### TASK PROMPT:
Please copy exactly the part of the records below that opens with the line containing "Espacio Valverde Hugo" and closes with the line containing "Comfortable Churidar Model", leaving out any pictures.

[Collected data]
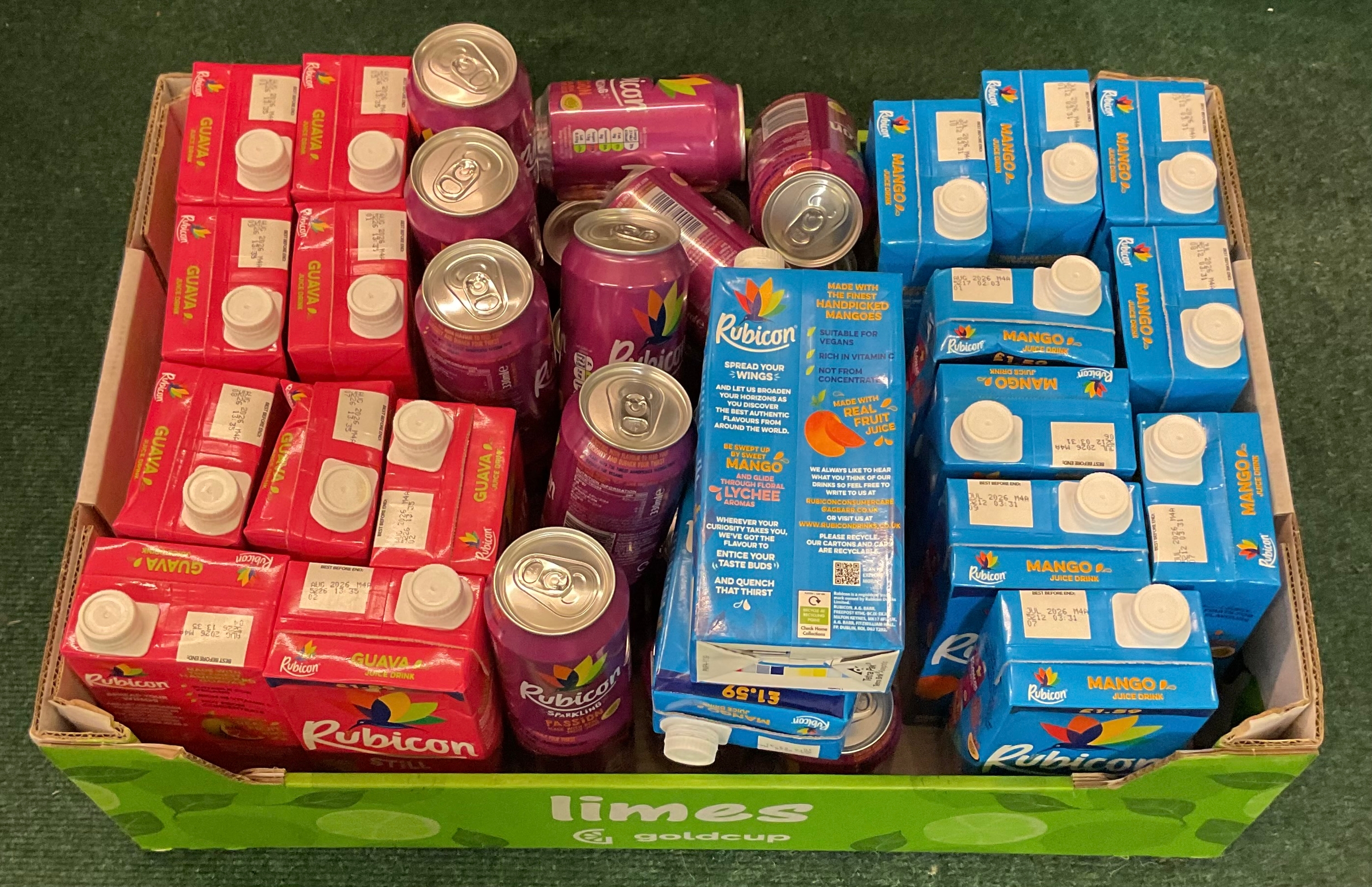 BOXED OF MIXED RUBICON INCLUDING STILL 1LTR CARTONS AND 330ML CANS
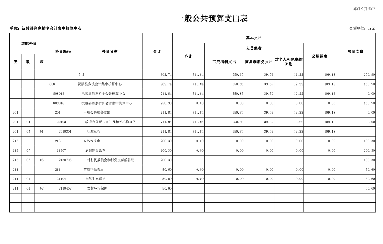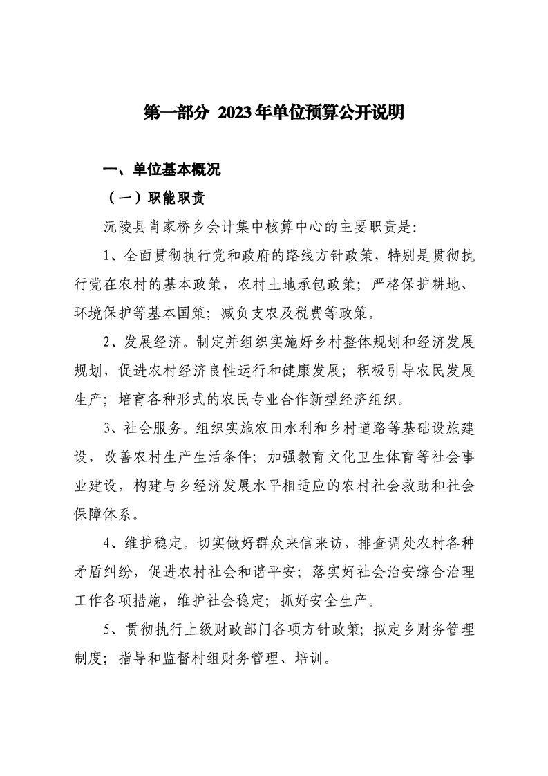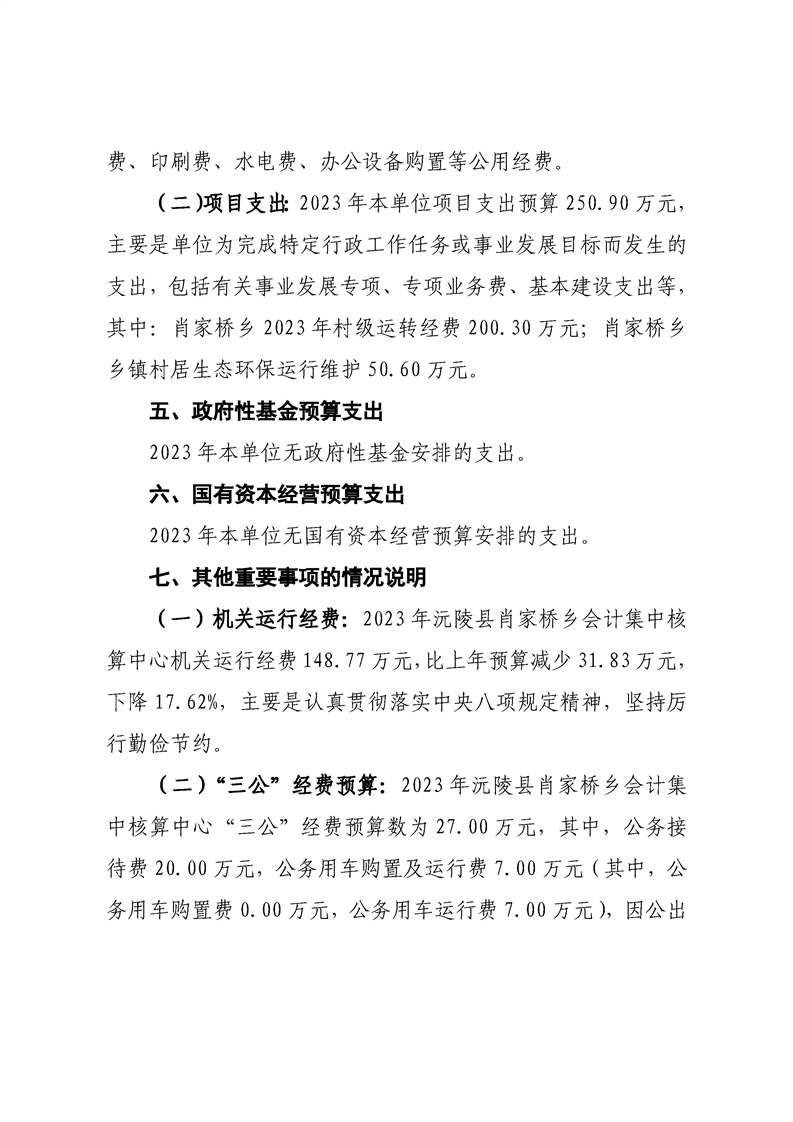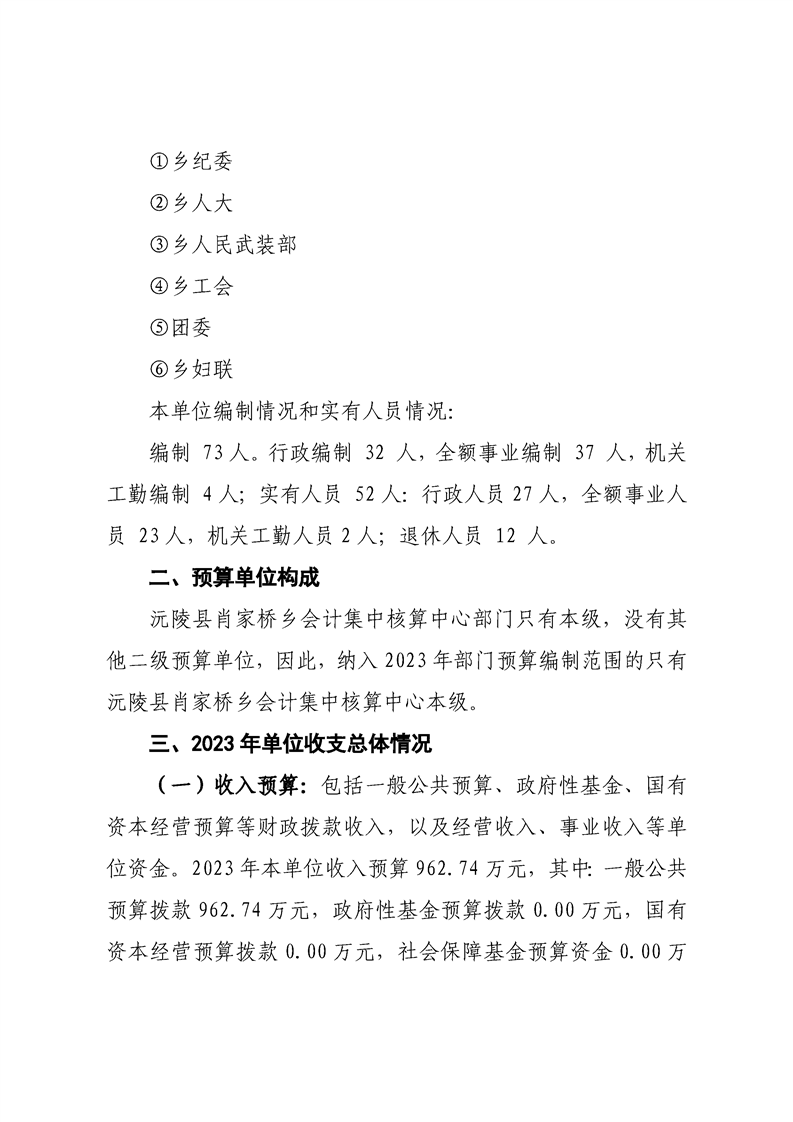 2023年沅陵县肖家桥乡会计集中核算中心预算公开
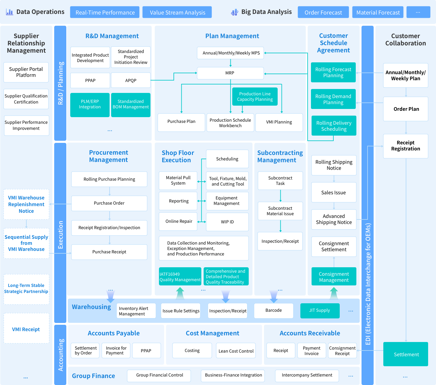 Rolling production plans steer shop-floor execution. Coupled with total-quality management, the system supports lean manufacturing and end-to-end traceability, meeting IATF 16949 requirements
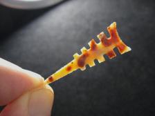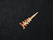 Another variation of a Hohokam Snaketown Point made from Flint Ridge material. Tan colored with reddish pattern. Fine and delicate point. |
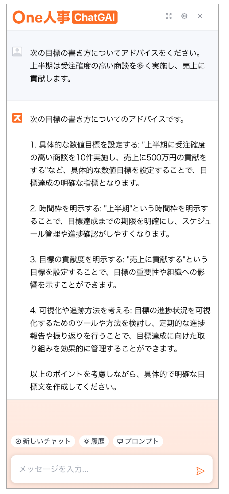 今回リリースされる『One人事 ChatGAI』は、タレントマネジメントシステムとの親和性が高く、人事目標・評価と照らし合わせて従業員のパフォーマンス管理や改善を提案し、負荷の高い業務の効率化や、人事評価の客観性と多角的な視点を促すことが可能になります。
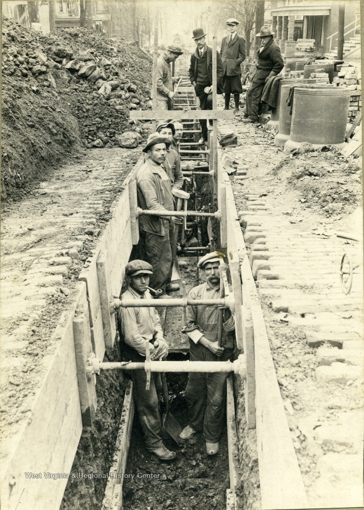 - Construction workers--West Virginia--Morgantown., Cities--Morgantown--Gibson Collection--Business and Industry., Trenches--West Virginia--Morgantown.
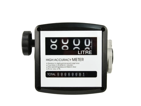 Uniwersalny analogowy 4-cyfrowy licznik przepływowy do dystrybutorów paliwa (mini CPN). Posiada dwa licznik, duży 4-cyfrowy licznik główny oraz licznik 8-cyfrowy pokazujący przepływ całkowity. Wysokiej jakości komponenty użyte przy produkcji licznika, przekładają się na zwiększenie dokładności oraz wytrzymałości względem starczego modelu.
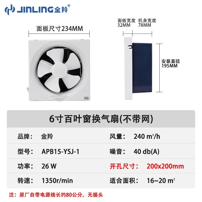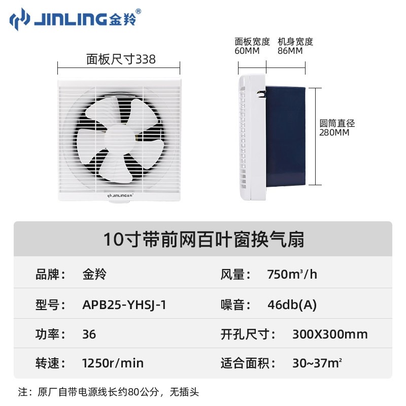 金羚卓誉排气扇8寸家用百叶排风烟抽风机扇强力静音换气卫生间油
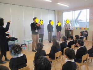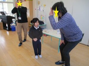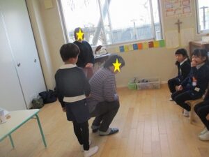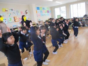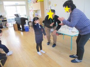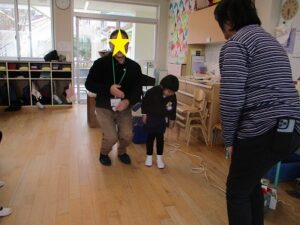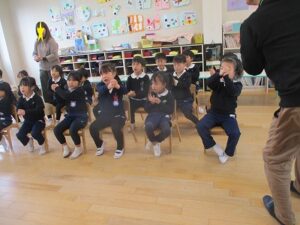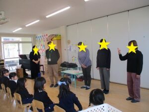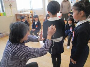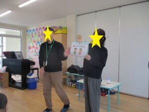 城陽手話サークルの方に来て頂き耳が聞こえない人の生活の仕方や手話での挨拶、ジェスチャーゲーム等をしました。実際に聞こえない人と交流し色んな事を感じている様子でした。年長児は指文字シールを頂いたので1人1枚持ち帰っています。年長児担当
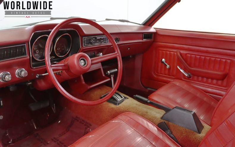 I can’t quite tell if the carpet on the top of the tunnel is faded or if it’s a trick of the lights. They provide detailed photos showing beautiful, deep-red carpet in the footwell and by the emergency brake handle so maybe it’s the lighting. You can see that this car has Ford’s Cruise-O-Matic transmission rather than a manual and there are some cracks in the vinyl of the driver’s seat, otherwise, the interior looks fantastic right down to the rear cargo area.
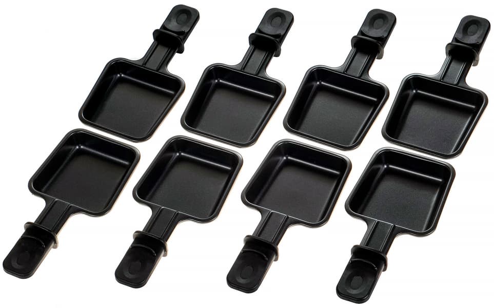 Сковородочки размещаются на нижнем ярусе. Сыр в них плавится и запекается довольно быстро, поэтому мы бы советовали начинать приготовление с поджаривания продуктов, а примерно на середине их готовности устанавливать вниз лотки с сыром.
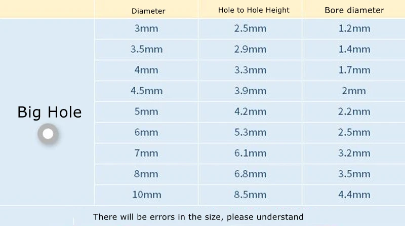 3.Product size: 2/3/4/5/6/7/8/10mm
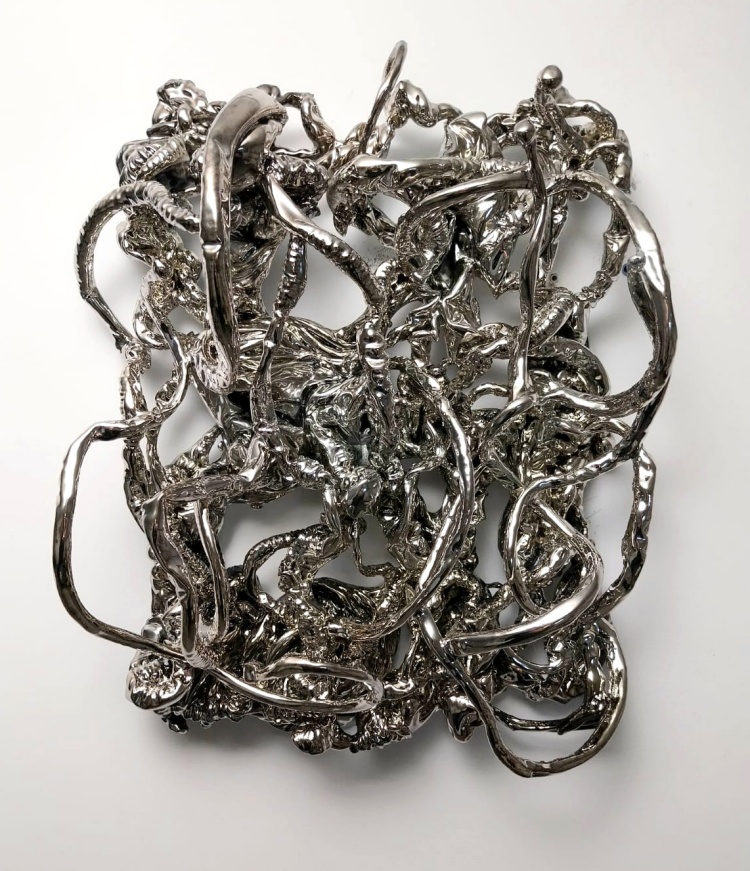 Espacio Valverde Hugo Bruce, “Origins I”, 2025, Resina plateada, 46 x 36 cm. Image courtesy of Espacio Valverde.
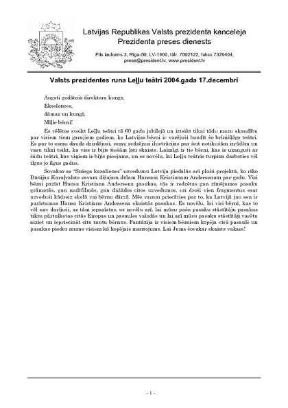 Valsts prezidentes runa Leļļu teātrī 2004.gada 17.decembrī
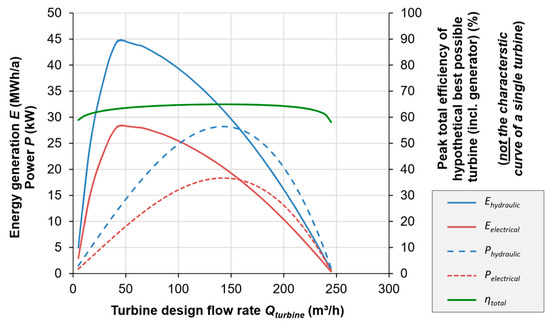 Once all necessary input data has been provided, the Visual Basic (VBA) algorithms are run to determine the optimal turbine parameters under the given boundary conditions. The algorithms iteratively progress through all possible design flow rates (see Section 2.5 through Section 2.8), computing and graphically plotting the corresponding performance parameters annual energy generation (Ehydraulic as well as Eelectrical), power (Phydraulic and Pelectrical) and total efficiency ηtotal for the chosen turbine type at the corresponding Phydraulic (for the best possible turbine, not the characteristic curve of a single turbine—see Section 2.7) (Figure 7). The optimal parameters (head and flow rate) are also displayed and added to the site curve diagram (Figure 8).
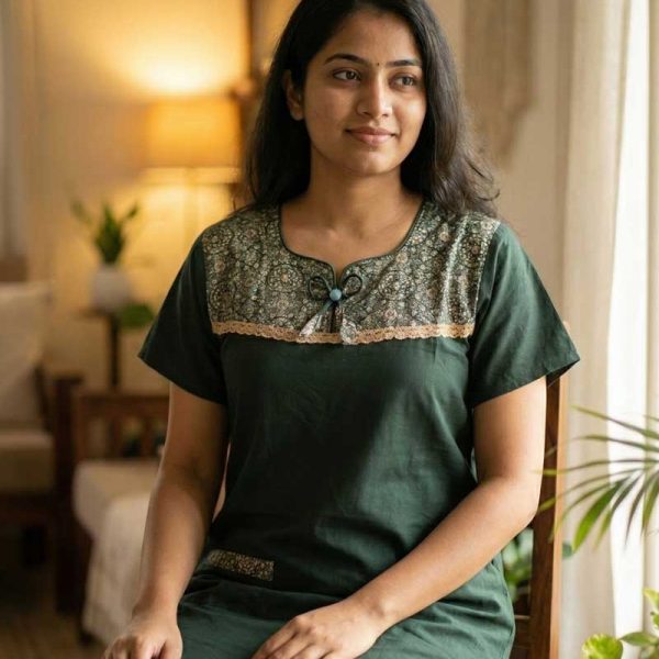 Comfortable Churidar Model Cotton Nighty, Ajrakh yoke – 55 Inches Long -Green Colour
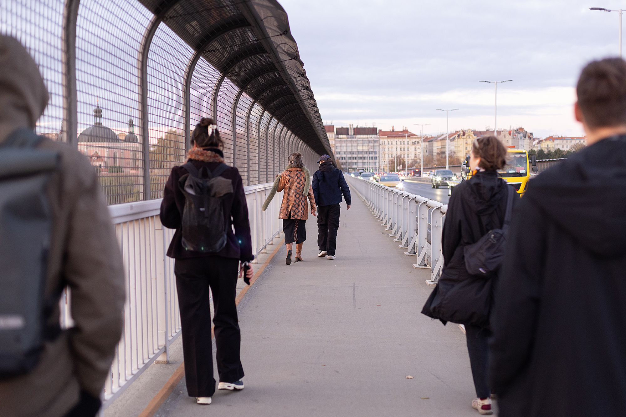 An immersive audio walk and performance set around Vyšehrad metro station and Nusle Bridge gradually reveals the secrets, legends, and identity of this space through the speculative fiction of the fairy cloak. The Nusle Valley, with its iconic bridge, becomes the stage for a performative shared experience and imagination that blends historical and fictional narratives, weaving together reality and myth. What do we discover when we view the space through the eyes of a tourist and follow a romantic date unfolding in this vulnerable environment?
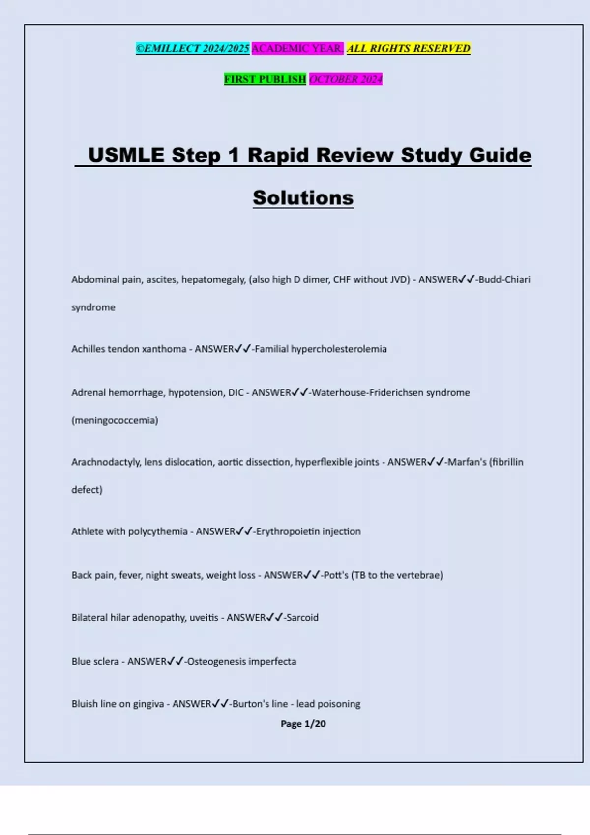 USMLE Step 1 Rapid Review Study Guide
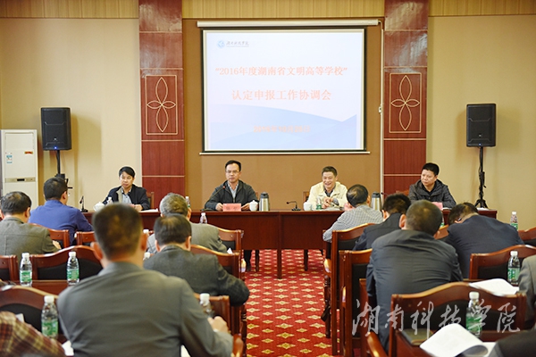 本网讯(记者 张云芳)为切实推进省文明高校创建,10月25日下午,学校召开 “2016年湖南省文明高等学校” 申报认定工作协调会。校党委书记陈弘出席并就省文明高校创建提出具体要求。校党委副书记唐艳明就省文明高校创建进行具体部署。副校长李常健、程智开出席。
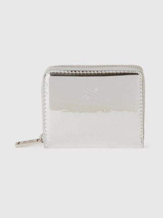 Benetton ženski novčanik od štampane imitacije kože sa blago reljefnom teksturom. Cvetni print na pozadini, patent zatvarač sa logom na rajsferšlusu, utisnut logo na jednoj strani. Unutrašnji odeljak za novčanice, džep za novčic´e i pregrade za kreditne kartice. Hladan i svakodnevni dodatak za držanje u torbi. Dimenzije: 11*9*2 cm.
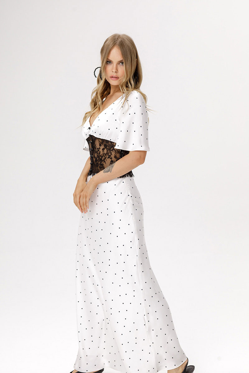Платье-комбинация длины макси с кружевным широким поясом.

### SOLUTION TO THE PROBLEM:
 Espacio Valverde Hugo Bruce, “Origins I”, 2025, Resina plateada, 46 x 36 cm. Image courtesy of Espacio Valverde.
 Valsts prezidentes runa Leļļu teātrī 2004.gada 17.decembrī
 Once all necessary input data has been provided, the Visual Basic (VBA) algorithms are run to determine the optimal turbine parameters under the given boundary conditions. The algorithms iteratively progress through all possible design flow rates (see Section 2.5 through Section 2.8), computing and graphically plotting the corresponding performance parameters annual energy generation (Ehydraulic as well as Eelectrical), power (Phydraulic and Pelectrical) and total efficiency ηtotal for the chosen turbine type at the corresponding Phydraulic (for the best possible turbine, not the characteristic curve of a single turbine—see Section 2.7) (Figure 7). The optimal parameters (head and flow rate) are also displayed and added to the site curve diagram (Figure 8).
 Comfortable Churidar Model Cotton Nighty, Ajrakh yoke – 55 Inches Long -Green Colour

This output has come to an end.